TASK INSTRUCTIONS »
Write out the data exactly, please, and omit the pictures.

DATA SHOWN »
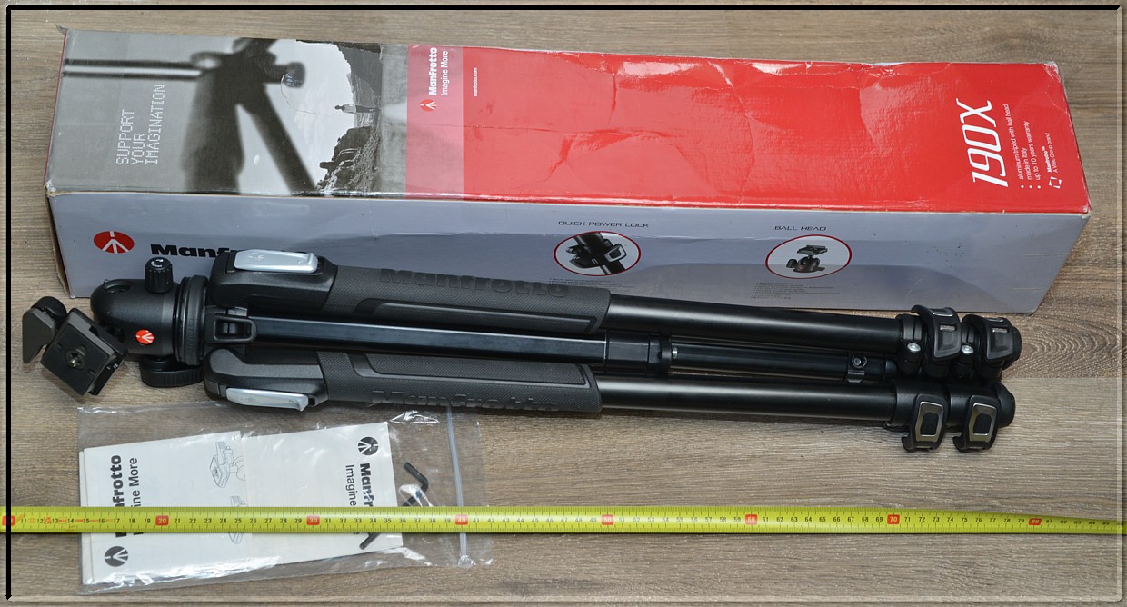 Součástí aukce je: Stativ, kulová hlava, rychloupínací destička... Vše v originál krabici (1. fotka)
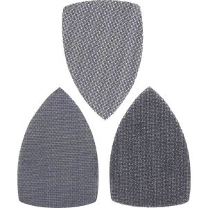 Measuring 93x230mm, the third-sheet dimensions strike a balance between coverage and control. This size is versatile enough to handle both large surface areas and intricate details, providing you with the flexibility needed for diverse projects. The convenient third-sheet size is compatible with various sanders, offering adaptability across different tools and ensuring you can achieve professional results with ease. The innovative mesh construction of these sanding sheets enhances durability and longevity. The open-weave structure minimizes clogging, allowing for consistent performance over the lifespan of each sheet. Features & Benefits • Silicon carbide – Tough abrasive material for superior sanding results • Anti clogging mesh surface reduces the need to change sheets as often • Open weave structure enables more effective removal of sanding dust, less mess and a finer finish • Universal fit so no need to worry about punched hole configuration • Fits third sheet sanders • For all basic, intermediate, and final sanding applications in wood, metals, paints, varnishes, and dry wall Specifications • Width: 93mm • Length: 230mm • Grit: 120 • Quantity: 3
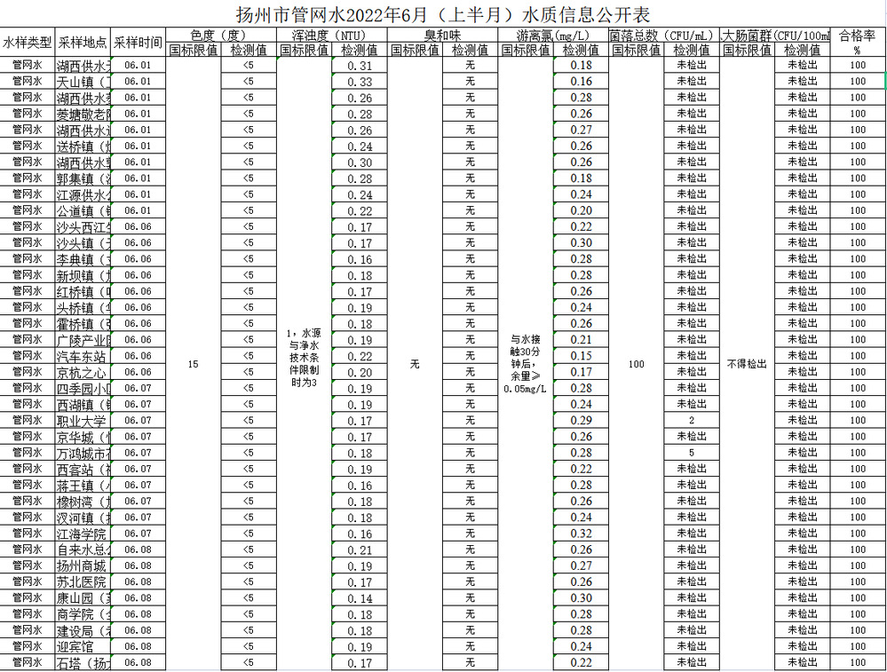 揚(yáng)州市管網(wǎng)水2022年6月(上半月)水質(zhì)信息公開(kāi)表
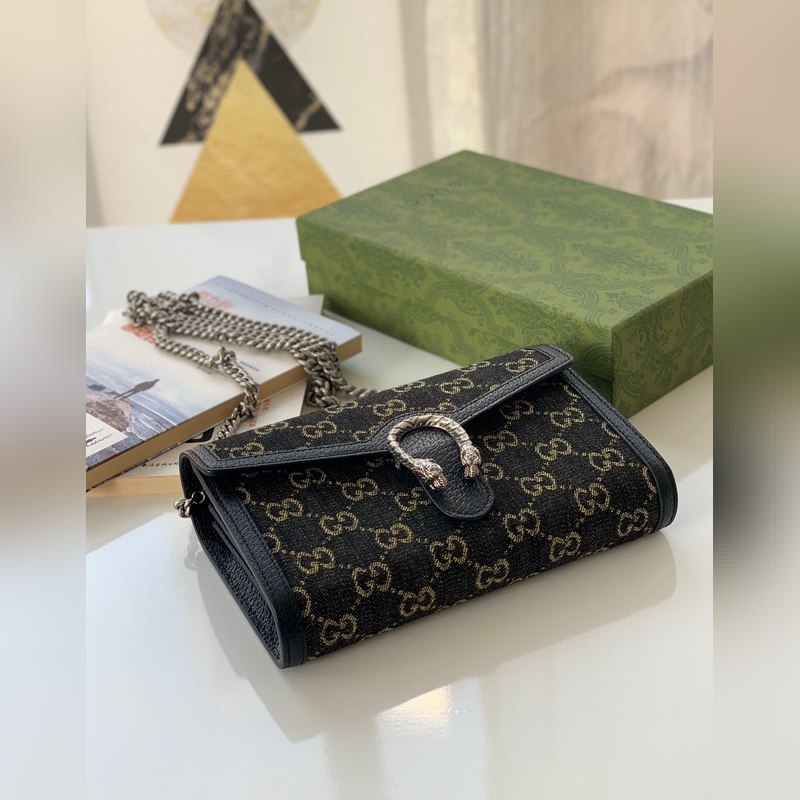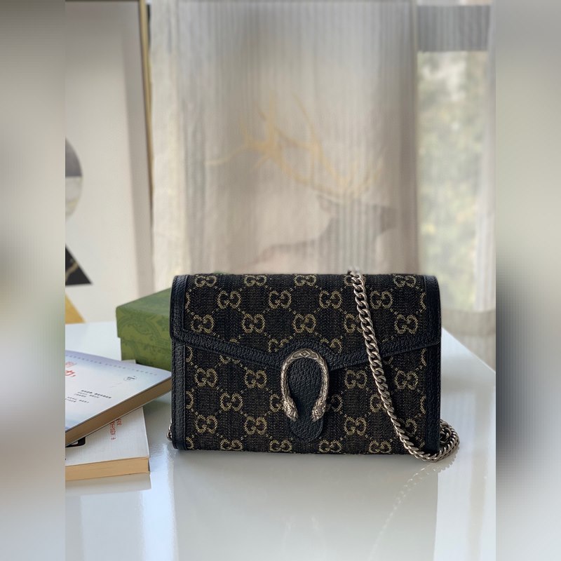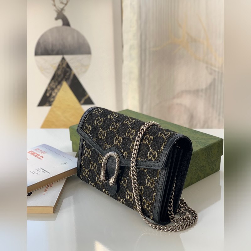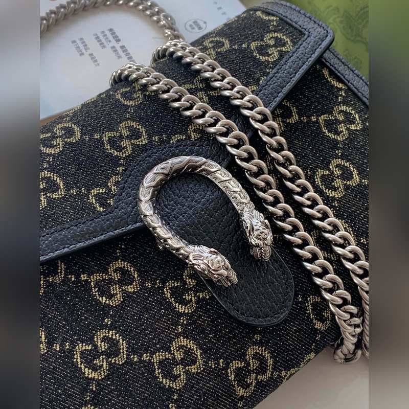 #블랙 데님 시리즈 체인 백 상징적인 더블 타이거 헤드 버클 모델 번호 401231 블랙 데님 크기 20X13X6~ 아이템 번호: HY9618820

SOLUTION »
 Součástí aukce je: Stativ, kulová hlava, rychloupínací destička... Vše v originál krabici (1. fotka)
 Measuring 93x230mm, the third-sheet dimensions strike a balance between coverage and control. This size is versatile enough to handle both large surface areas and intricate details, providing you with the flexibility needed for diverse projects. The convenient third-sheet size is compatible with various sanders, offering adaptability across different tools and ensuring you can achieve professional results with ease. The innovative mesh construction of these sanding sheets enhances durability and longevity. The open-weave structure minimizes clogging, allowing for consistent performance over the lifespan of each sheet. Features & Benefits • Silicon carbide – Tough abrasive material for superior sanding results • Anti clogging mesh surface reduces the need to change sheets as often • Open weave structure enables more effective removal of sanding dust, less mess and a finer finish • Universal fit so no need to worry about punched hole configuration • Fits third sheet sanders • For all basic, intermediate, and final sanding applications in wood, metals, paints, varnishes, and dry wall Specifications • Width: 93mm • Length: 230mm • Grit: 120 • Quantity: 3
 揚(yáng)州市管網(wǎng)水2022年6月(上半月)水質(zhì)信息公開(kāi)表
 #블랙 데님 시리즈 체인 백 상징적인 더블 타이거 헤드 버클 모델 번호 401231 블랙 데님 크기 20X13X6~ 아이템 번호: HY9618820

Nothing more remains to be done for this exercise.